家々はほとんど吹き飛ばされ、屋敷囲いだけが残った波平
 読谷村の戦後復興の初めは波平と高志保の一部地域であった。波平の人々にとって、自分の屋敷だから自分達が住めるようにという要求など出来るはずもなかった。とにかく村民みんなが生き残ったことを大事にして、村を復興しよう、そんな思いであった。波平には村内南部の字の人たちが規格住宅に住むようになり、その後楚辺大木地域の一部開放でその人々の一部が移動して行った。昭和二十五年(一九五〇)最後まで残った都屋の人々が自字へ戻ったが、その後も役場所在地となり、村政の中心地となった。波平は、こうした戦後の読谷村再建の基礎をつくるという大任を果たした部落でもある。

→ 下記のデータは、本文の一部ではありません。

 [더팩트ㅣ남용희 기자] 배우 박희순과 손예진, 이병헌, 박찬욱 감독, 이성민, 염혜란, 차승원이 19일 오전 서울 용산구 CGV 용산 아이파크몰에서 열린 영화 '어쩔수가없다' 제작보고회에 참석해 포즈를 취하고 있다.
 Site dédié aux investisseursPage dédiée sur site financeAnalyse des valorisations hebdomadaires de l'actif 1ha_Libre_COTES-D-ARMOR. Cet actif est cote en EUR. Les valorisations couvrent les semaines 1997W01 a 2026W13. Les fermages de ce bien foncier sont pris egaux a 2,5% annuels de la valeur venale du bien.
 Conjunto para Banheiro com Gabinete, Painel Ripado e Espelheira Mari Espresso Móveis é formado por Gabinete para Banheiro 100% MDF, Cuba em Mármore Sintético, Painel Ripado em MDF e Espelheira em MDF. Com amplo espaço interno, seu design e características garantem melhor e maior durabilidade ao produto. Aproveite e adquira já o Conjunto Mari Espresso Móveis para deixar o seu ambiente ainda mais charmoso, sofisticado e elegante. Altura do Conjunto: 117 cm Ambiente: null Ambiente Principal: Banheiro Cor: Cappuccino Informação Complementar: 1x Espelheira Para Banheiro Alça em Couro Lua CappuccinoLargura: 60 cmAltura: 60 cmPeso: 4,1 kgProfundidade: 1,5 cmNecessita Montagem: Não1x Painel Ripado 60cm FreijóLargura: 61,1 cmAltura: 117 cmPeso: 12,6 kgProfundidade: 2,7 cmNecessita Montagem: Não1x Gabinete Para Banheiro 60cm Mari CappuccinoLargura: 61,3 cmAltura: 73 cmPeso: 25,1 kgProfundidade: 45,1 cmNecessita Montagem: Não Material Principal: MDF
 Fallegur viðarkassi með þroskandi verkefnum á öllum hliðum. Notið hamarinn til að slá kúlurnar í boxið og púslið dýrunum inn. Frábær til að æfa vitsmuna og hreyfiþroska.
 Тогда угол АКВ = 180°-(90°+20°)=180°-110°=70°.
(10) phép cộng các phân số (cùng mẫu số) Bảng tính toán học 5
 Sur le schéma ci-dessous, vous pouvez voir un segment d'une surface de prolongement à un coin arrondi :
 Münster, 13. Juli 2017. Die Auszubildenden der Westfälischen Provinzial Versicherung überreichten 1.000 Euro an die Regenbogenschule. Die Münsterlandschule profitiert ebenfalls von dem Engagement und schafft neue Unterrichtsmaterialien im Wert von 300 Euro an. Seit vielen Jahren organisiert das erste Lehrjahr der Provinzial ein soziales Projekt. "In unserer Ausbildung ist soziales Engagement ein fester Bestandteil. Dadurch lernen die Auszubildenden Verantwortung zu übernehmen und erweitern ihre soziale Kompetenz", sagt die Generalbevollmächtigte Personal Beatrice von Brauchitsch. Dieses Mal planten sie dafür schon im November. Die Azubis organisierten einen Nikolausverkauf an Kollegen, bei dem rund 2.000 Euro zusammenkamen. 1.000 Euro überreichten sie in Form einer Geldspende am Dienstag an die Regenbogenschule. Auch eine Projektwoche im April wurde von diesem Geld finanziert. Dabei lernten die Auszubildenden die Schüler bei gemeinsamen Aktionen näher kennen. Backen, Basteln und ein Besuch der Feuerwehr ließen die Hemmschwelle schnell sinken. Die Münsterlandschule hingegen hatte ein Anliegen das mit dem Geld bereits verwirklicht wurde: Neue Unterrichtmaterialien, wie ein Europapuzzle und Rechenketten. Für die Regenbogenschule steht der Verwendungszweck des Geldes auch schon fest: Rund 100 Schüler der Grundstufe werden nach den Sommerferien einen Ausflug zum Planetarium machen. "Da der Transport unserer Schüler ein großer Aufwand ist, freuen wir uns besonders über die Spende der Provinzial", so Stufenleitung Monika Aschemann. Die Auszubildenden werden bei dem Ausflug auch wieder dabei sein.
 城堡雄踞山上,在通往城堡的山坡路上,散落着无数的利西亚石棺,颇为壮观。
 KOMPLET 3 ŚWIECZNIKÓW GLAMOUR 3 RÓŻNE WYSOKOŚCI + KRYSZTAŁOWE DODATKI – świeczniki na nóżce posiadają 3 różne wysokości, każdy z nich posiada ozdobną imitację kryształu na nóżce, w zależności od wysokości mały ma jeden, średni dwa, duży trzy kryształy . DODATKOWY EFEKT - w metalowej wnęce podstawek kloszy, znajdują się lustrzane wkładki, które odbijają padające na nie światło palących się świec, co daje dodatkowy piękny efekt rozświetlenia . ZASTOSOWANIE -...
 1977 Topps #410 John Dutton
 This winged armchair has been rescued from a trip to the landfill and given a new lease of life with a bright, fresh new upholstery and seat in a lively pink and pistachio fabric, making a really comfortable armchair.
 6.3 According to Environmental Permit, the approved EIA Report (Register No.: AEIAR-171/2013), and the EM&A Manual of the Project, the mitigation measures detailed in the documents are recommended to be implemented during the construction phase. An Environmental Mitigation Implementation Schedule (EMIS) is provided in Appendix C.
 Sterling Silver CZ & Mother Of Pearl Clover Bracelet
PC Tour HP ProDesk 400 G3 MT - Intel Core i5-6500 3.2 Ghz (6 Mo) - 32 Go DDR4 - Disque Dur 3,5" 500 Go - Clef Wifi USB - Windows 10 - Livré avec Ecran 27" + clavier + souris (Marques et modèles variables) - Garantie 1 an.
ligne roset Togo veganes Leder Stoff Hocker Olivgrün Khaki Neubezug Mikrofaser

 次第に落ちつきを取り戻してくると慰霊の塔再建の話しが持ち上がった。今日の「平和の塔」の前身は昭和三年(一九二八)に国威宣揚の目的を持って、国へ忠義を尽くし尊い生命を失った軍人の魂を祀る為に建立された忠魂碑であった。その忠魂碑も沖縄戦で戦禍を被り痛々しい姿になっていた。そこで昭和二十六年(一九五一)十一月二十四日の区民常会で、当時の青年会代表、大城※※、大城※※、その他幹部の主唱によって忌まわしい戦争の犠牲になられた諸氏の慰霊の為の塔を建設するとの提案が満場一致で承認された。そして同年十二月九日から青年団員が総動員で建設作業に取りかかり十二月三十日に総工費二万二二〇八円で完成した。除幕式は翌昭和二十七年(一九五二)一月二十日に執り行われ、塔名は知花英康翁が応募された「平和の塔」と命名された。その後、今日まで字民総出で慰霊祭が行われるとともに永遠に平和を祈念する塔として大切にされている。(小橋川清弘)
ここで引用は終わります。